- Born: 28 June 1966 (age 60) Chicago, Illinois, United States
- Education: Cornell University; Princeton University;
- Occupation: Architect
- Years active: 1990–present
- Partner: Karen McEvoy
- Practice: Bucholz | McEvoy Architects

= Merritt Bucholz =

American architect

Merritt Bucholz (born 28 June 1966) is an American architect who has set up practice in Ireland with his partner Karen McEvoy. He lectures frequently in various universities in Europe and America.

== Early life ==

Merritt Bucholz was born in Chicago.

== Education ==

He attended Cornell University (B.Arch 1993), and Princeton University (M.Arch 1995).

== Work ==

- Emilio Ambasz & Associates, 1990–92;
- Paris offices of James Stewart Polshek, Ricardo Bofill and Michel W Kagan, 1992–94;
- A&D Wejchert & Partners Architects 1995.

== Lecturing ==

- Head of the School of Design at the University of Limerick, 2021–present;
- Inaugural Professor of Architecture at the University of Limerick, 2005–present;
Formerly
- Visiting professor at Harvard University;
- Visiting lecturer at Princeton University, Cornell University, University College Dublin, and Dublin Institute of Technology;
- External examiner at Waterford Institute of Technology.

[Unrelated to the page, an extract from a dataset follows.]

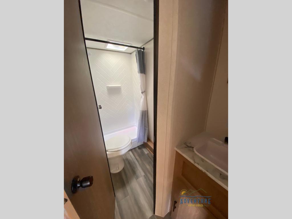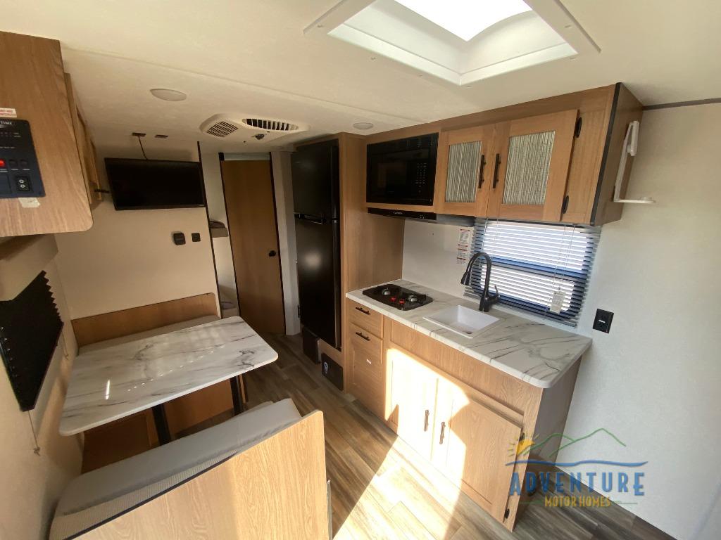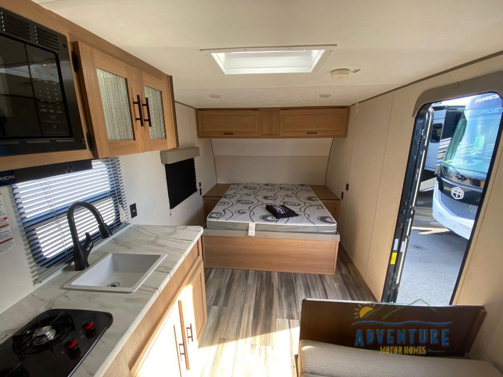 Bring along those board games and soccer balls for the kids with convenient space in the oversized pass-through storage. The power awning on this trailer gives you a covered outdoor living area to enjoy, just grab your camping chairs. The kitchen comes with a pantry to store your dry goods and a beautiful skylight that gives natural lighting as you cook for your family and friends. You will also have your own walk-around queen bed up front to quickly fall asleep on, and there is a wardrobe on each side allowing you to keep your items nearby. And you know the kids or your guests will appreciate having double-size bunks next to the full bathroom.

== Bucholz | McEvoy Architects ==
Bucholz | McEvoy Architects were set up by Merritt and his partner Karen in Dublin (1996).

===Notable projects===
- Elm Park Urban Quarter, Dublin.
- Leinster House Pavilions, Dublin
- SAP Building, Galway
- Westmeath County Council Headquarters
- City Arts Tower, Dublin
- Westmeath County Council Civic Offices
- Cork Civic Offices
- Cherry Orchard Tower
- Environmental Research Institute, UCC
- Limerick County Council Headquarters
- SAP Building, Dublin
- Welcoming Pavilions, Government Buildings, Dublin
- Fingal County Hall
- Universite Paris VII
- Denis Diderot Biology Laboratory, Paris (competition)
- Exhibita Research Project
- Mueso del Prado Extension (competition)
- Smithfield Urban Space
- Hartstonge House, Limerick
- Lottum Work + Living, Berlin, Germany.